US20160319941A1

US20160319941A1 - Ball valve assembly

Info

Publication number: US20160319941A1
Application number: US15/103,314
Authority: US
Inventors: David Allan DRANSCHAK
Original assignee: GE Aviation Systems LLC
Current assignee: GE Aviation Systems LLC
Priority date: 2013-12-13
Filing date: 2013-12-13
Publication date: 2016-11-03
Also published as: EP3080499A1; CN105814353A; JP2016540168A; CA2932538A1; WO2015088546A1; BR112016013449A2

Abstract

A ball valve assembly includes a housing having a chamber with an inlet and outlet defining a flow passage, a ball with a through passage, a linear actuator and a rotation converter configured to rotate the ball upon actuation of the linear actuator to control the flow of a fluid through the flow passage.

Description

BACKGROUND

Ball valves have a housing that defines a flow passage and a ball valve member disposed therein. The ball valve member is typically a sphere having a central through passage. The ball rotates between a closed position, wherein the ball valve member central through passage is not aligned with, nor in fluid communication with, the housing flow passage and an open position, wherein the ball valve member central through passage is at least partially aligned with, and at least in partial fluid communication with, the housing flow passage.

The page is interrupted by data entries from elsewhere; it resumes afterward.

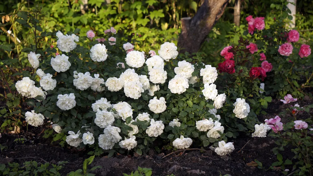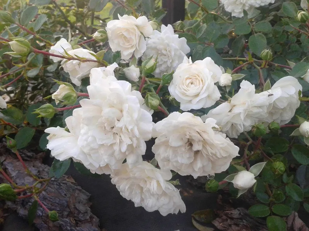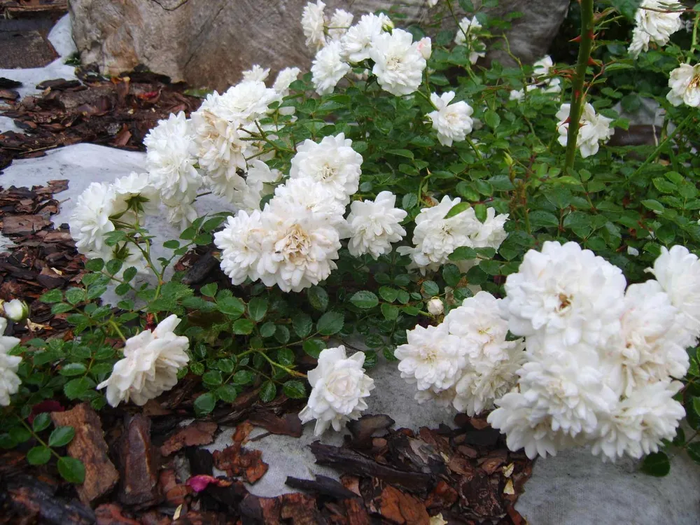 : мульчирование вокруг корней розы Сноуфилд предотвратит испарение влаги и подавление рост сорняков.
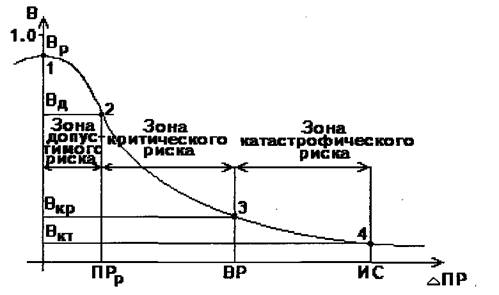 Третья точка (∆ПР=ВР и В=Вкр) соответствует величине потерь, равных расчетной выручке ВР. Вероятность таких потерь равна Вкр.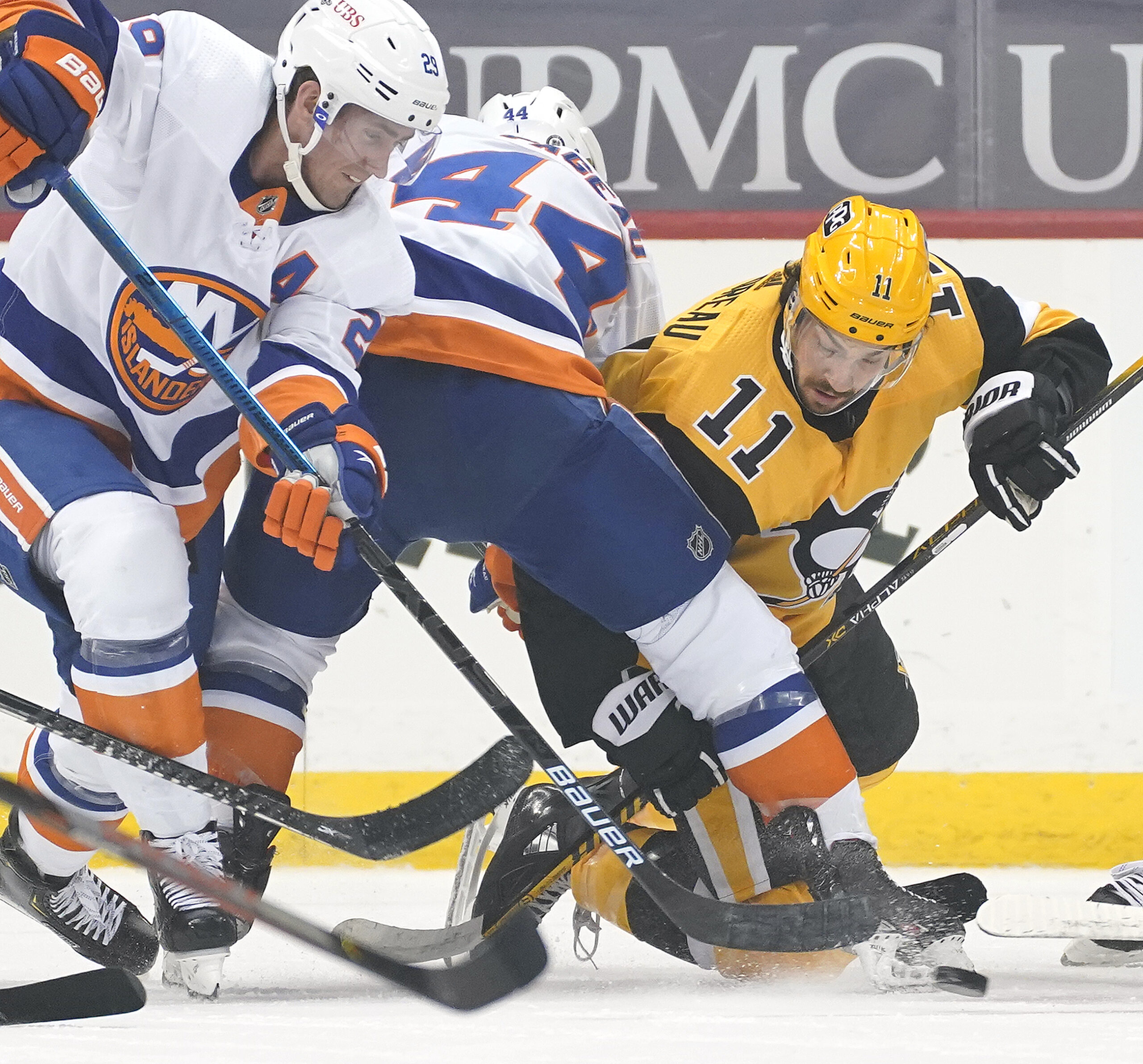 20210327pdPenguins04 March 27, 2021 • 2560 × 2383 • Week in Photos: March 21-27 Penguins center Frederick Gaudreau battles Islanders center Jean-Gabriel Pageau for loose puck Saturday, March 27, 2021, at PPG Paints Arena in Pittsburgh. (Peter Diana/Post-Gazette)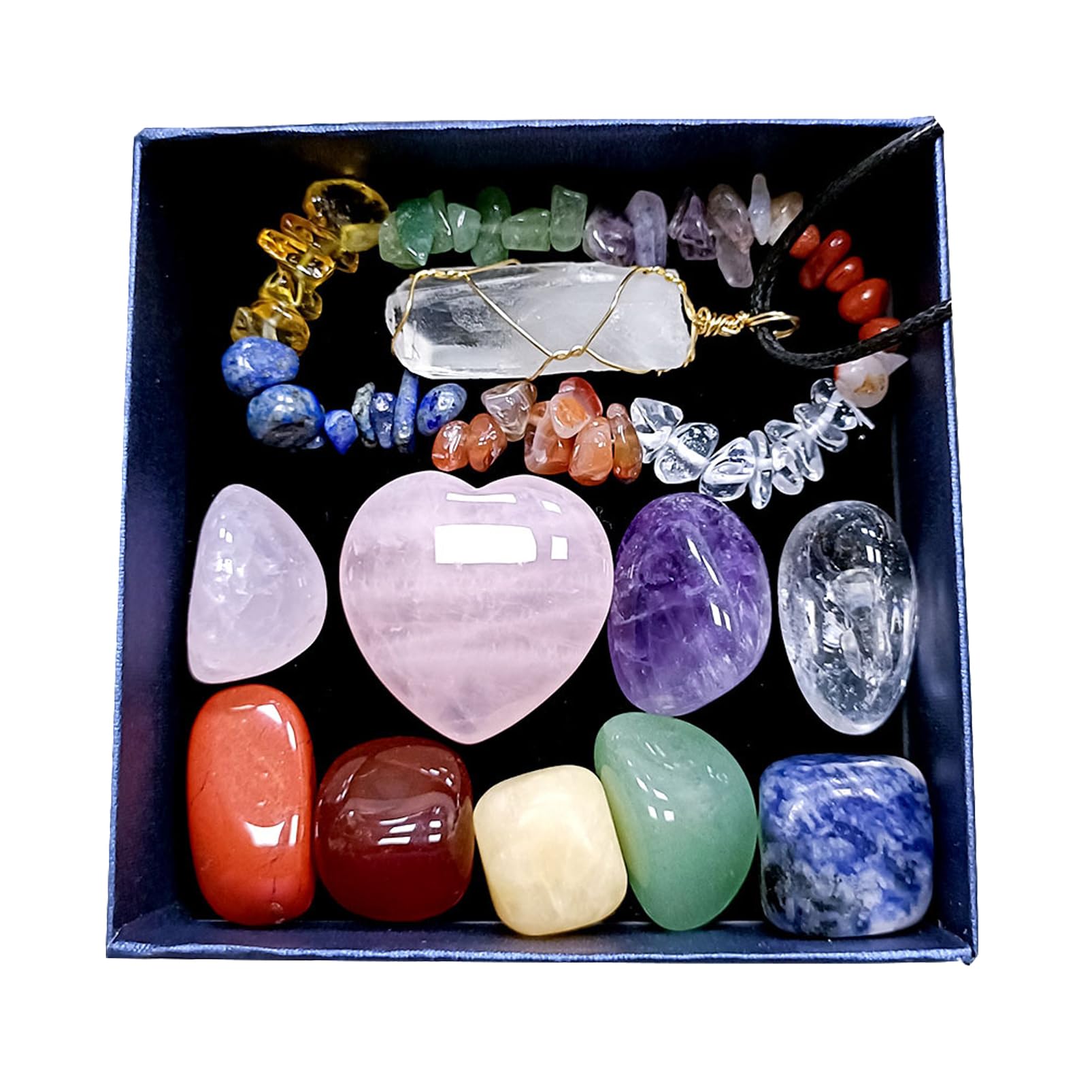 Natural 7 Chakra Colorful Crushed Stone Bracelet White Crystal Pendant and 9Pcs Thumbed Stones Kit Reiki Healing Crystals Jewelry Features: Protects, Heals and Harmonizes - Featuring an array of healing stones and crystals, this gem crystal kit is a natural gateway for inviting harmony and healing to your life. Add color and variety to your existing crystal collections A Stone For Every Need - A wonderful addition to your spiritual practise, crystal grid or altar, this crystal kit includes 8 pieces of tumbled chakra stones including Amethyst, Clear Quartz, Rose Quartz, Tiger Eye, Green Aventurine, Sodalite, Red Agate, Red Jasper; one chakra Rose Quartz Heart Stone and one angel pendant. Don't look any further for a set of protection crystals and stones that will last you a lifetime. Also an ideal gift for anyone who enjoys Reiki, Healing, Wiccan practices or meditation Rose Quartz Heart Stone: Rose Quartz is also known as "Love Stone". It brings unconditional love, gentle tolerance and patience. It is a kind of popular crystal gemstones for women. Best suited for health, wealth, progress, prosperity, family bonding, long lasting relationship Crystal Specifications: Item Name: Chakra Stones Kit Materials: Natural crystals Stone Size: Approx 15-25mm Heart Stone: 30mm Pendant: Approx 16*62mm Package Contents: 8 * Chakra Polished Stones 1 * Rose Quartz Heart 1 * Wire-wrap White Crystal Pendant 1 * Storage Box 1 * instruction Card Suitable for the Person: ?1.It is suitable for the person who have the habits of long-term meditation. ?2.It is suitable for the person who always feel tired on body or spiritual level. ?3.It is suitable for the person who couldn't keep the energy balance and couldn't get inner peace and harmony.?Crystal Gifts?: This Meditation Accessories kit will help you get in touch with your metaphysical energies. Give someone you care about the chance to discover the powerful vibrations of earth precious crystals.Great for crystal collector, beginners,birthstone collecting, housewarming gift,Halloween gift, Christmas gift.Perfect gift for for healing beginners, yoga lover, crystal gemstone collector. ?Natural Crystals?: The healing crystal sets are natural quartz crystal and stone,connecting with the chakra to raise vibration and emit positive energy, make a good impact on physical and mental.Great for balancing the chakras during reiki therapy, meditation, yoga, reiki, spiritual practices,making crystal grids. ?Wide Usage?: Energy stones Perfect for meditation,wire wrapping,artwork,chakra,work,crafting,Cutting,Lapidary,Polishing,Grids,home or office decor.Place this chakra stone set at your office desk, living room,bedroom,and around meditating place to experience the flow of Energies. ?Pocket Stone?: Place chakra stones on chakra points on your body or carry them in your pocket to keep energy flowing freely,which could eliminate all bad energies, evil forces, and negative emotions then you could reach the state of awakening and enlightenment. ?Healing Crystals Kit?: Our gemstones set includes a set of irregular 7 chakra stones, a white crystal pendant, a string of 7 chakra bracelets, a love pink crystal,a sotrage box,a velvet bag and a instruction card.The Charka Healing Crystal kit for you to immediately get the most from you healing crystal and balance your chakras.the best combination ever!.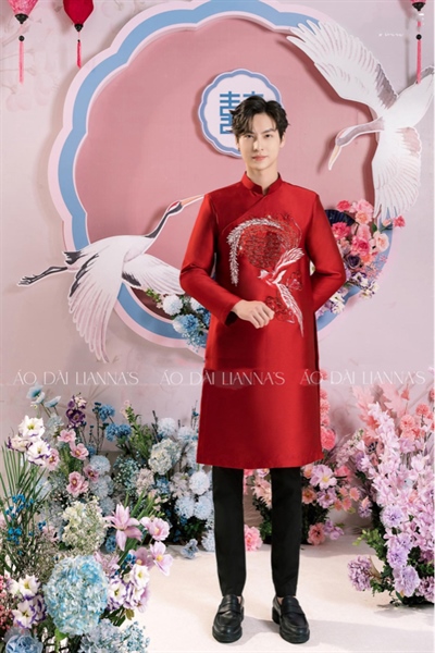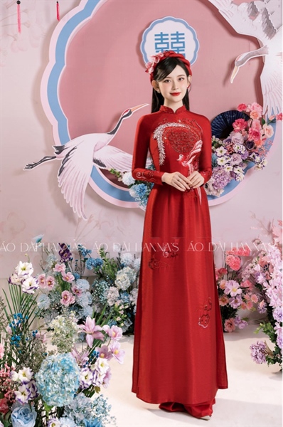 Cặp áo dai cưới đỏ thêu đính kết cao cấp

The ball through passage may have the same or similar cross-sectional area as the housing flow passage, which minimizes changes (pressure, volume, speed) of the liquid passing through the ball valve.

BRIEF DESCRIPTION

In one aspect, the innovation relates to a ball valve assembly comprising a housing having a chamber with an inlet and an outlet defining a flow passage, a ball having a through passage, a linear actuator and a rotation converter configured to convert the linear movement of the actuator into rotational movement of the ball so as to substantially align or misalign the through passage with the flow passage.

BRIEF DESCRIPTION OF THE DRAWINGS

In the drawings:

FIG. 1 is a schematic of a ball valve assembly according to various aspects described herein.

FIG. 2 is a perspective view of a ball valve assembly of FIG. 1 in an open or first position according to various aspects described herein.

FIG. 3 is a sectional view of a ball valve assembly in a closed or second position according to various aspects described herein.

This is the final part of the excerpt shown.